Embora com algumas hesitações, Jean concorda com Marine Le Pen neste ponto. “Nós não devemos ouvir a reação do resto do mundo se essa proibição alguma vez for para a frente”, diz. “Temos de ser fiéis aos nossos princípios e fazer cumpri-los.”
“Às vezes, proibir é mesmo a melhor ideia”, acrescenta.
Para Jean, não há nenhum assunto tão importante nestas eleições como a laicidade. Porém, a soma do peso de todas as outras (como a economia, a União Europeia ou os direitos LGBT) não deixa de ser mais pesada. Por isso, vai votar num candidato cuja posição sobre a laicidade não partilha: Emmanuel Macron.
“Vou votar nele porque ele quer continuar a permitir o casamento gay e sem dúvida que é um europeísta”, sublinha. E é por isso mesmo que não vota em Marine Le Pen. E mais: “Ela fala da laicidade, mas usa-a como um pretexto para atacar só os muçulmanos. Ela é o contrário da laicidade, ela é uma fundamentalista cristã”.

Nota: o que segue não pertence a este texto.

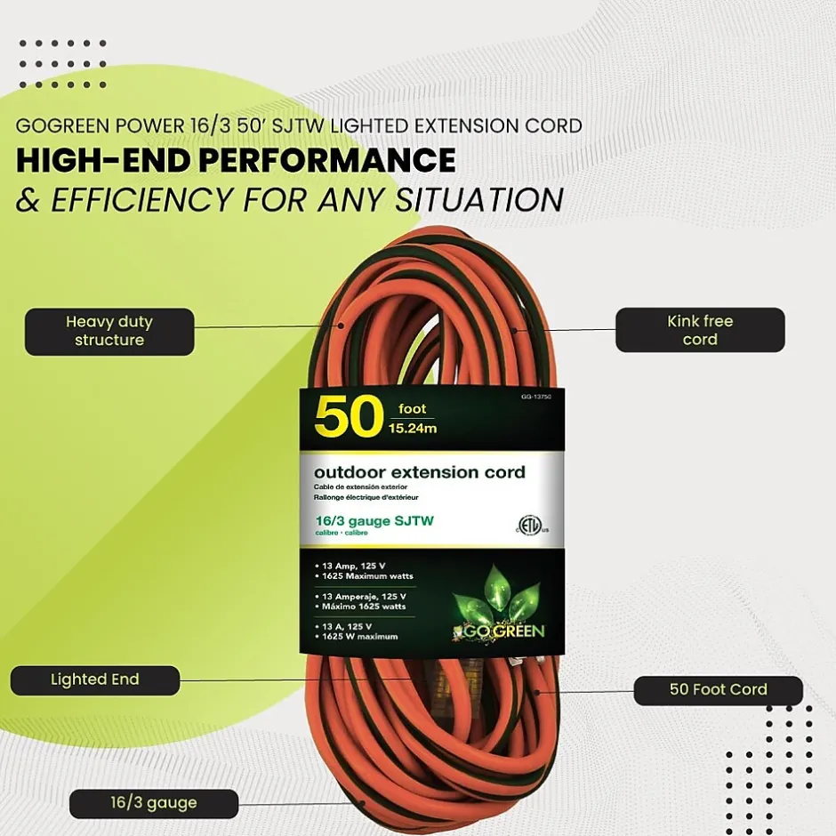 The GoGreen Power Heavy-Duty Extension Cord is ideal for multiple applications around your home’s exterior and garage. It resists moisture, abrasion and exposure to sunlight. The length of the outdoor extension cord allows you to cover a large area without the need for continuous stops to remove and replug. Use it to power your electric tools, lawn mower, to operate your generator and to provide lighting and music while entertaining. The cord is ETL listed and features a light on the end that shines when it’s in use.

Ainda assim, a maior parte das críticas que tem sobre este tema recaem na esquerda. Durante décadas — e até 2012 —, Jean votou praticamente sempre no Partido Socialista. Hoje, faz um trocadilho com a expressão “esquerda progressista” e chama-a antes de “esquerda regressiva”.
“Antigamente, Marx dizia que a religião era o ópio do povo”, refere. “Mas agora parece que há uma contra-revolução na esquerda.” De seguida, Jean fala como se fosse ele próprio um desses políticos de esquerda que critica. “Ah, há gente que anda a dizer para matar em nome de Deus? Não faz mal, não faz mal…”, diz, pleno de ironia.
“A esquerda enche a boca com a laicidade, mas há muito tempo que não sabe o que ela significa nem a respeita”, explica. “Acordámos todos muito tarde.”
Quando uma cruz de Cristo é apenas bijuteria e um véu é um “símbolo religioso”
Para o imã Munir, da mesquita de Khalid Ibn Al Walid, “a laicidade tem muitas falhas”. Enquanto falamos, os fiéis continuam a entrar na mesquita, homens pela porta grande, mulheres pela pequena. Ainda assim, o imã assegura que “as regras do Islão não são incompatíveis com os valores da República francesa”. “Antes de ser o país da laicidade, a França é o país da liberdade”, explica. “E nós devemos ter a liberdade de assegurar as nossas tradições, a nossa religião, sobretudo quando o fazemos de forma pacífica e sem levantar ondas.”
O imã ri-se, também ele pleno de ironia, quando fala da “laicidade”. E refere o caso das escolas. “Alguém duvida de que a lei de 2004 foi feita para discriminar os muçulmanos?”, lança.
Ao lado, tem Elies, que frequentava a escola básica aquando da aprovação da lei que baniu o uso de sinais religiosos dentro dos recintos escolares. “Foi feito contra nós, claro que foi. Eu tinha uma colega que levava todos os dias um colar com uma cruz”, recorda. “Eu ia ter com a professora e queixava-me. E ela dizia que não havia problema, que não era um símbolo religioso. Era bijuteria.”
A minutos do início da primeira oração do dia, o imã tem ainda outra história para partilhar. Diz que ocorreu “em 2010 ou 2011”, numa altura em que a Associação Francesa do Sangue fez um apelo para que fosse doado sangue. “Liguei-lhes e disse que a nossa comunidade podia ajudar”, recorda. Na altura, diz que propôs à associação que deslocasse os meios até à mesquita, os fiéis, após um apelo do próprio imã, apareceriam depois para contribuir.
Não aconteceu. “Na altura disseram-me que não podia ser, porque é um local de culto”, queixa-se. “E as pessoas todas que precisavam de uma transfusão ficaram sem sangue por causa de quê? Da laicidade?”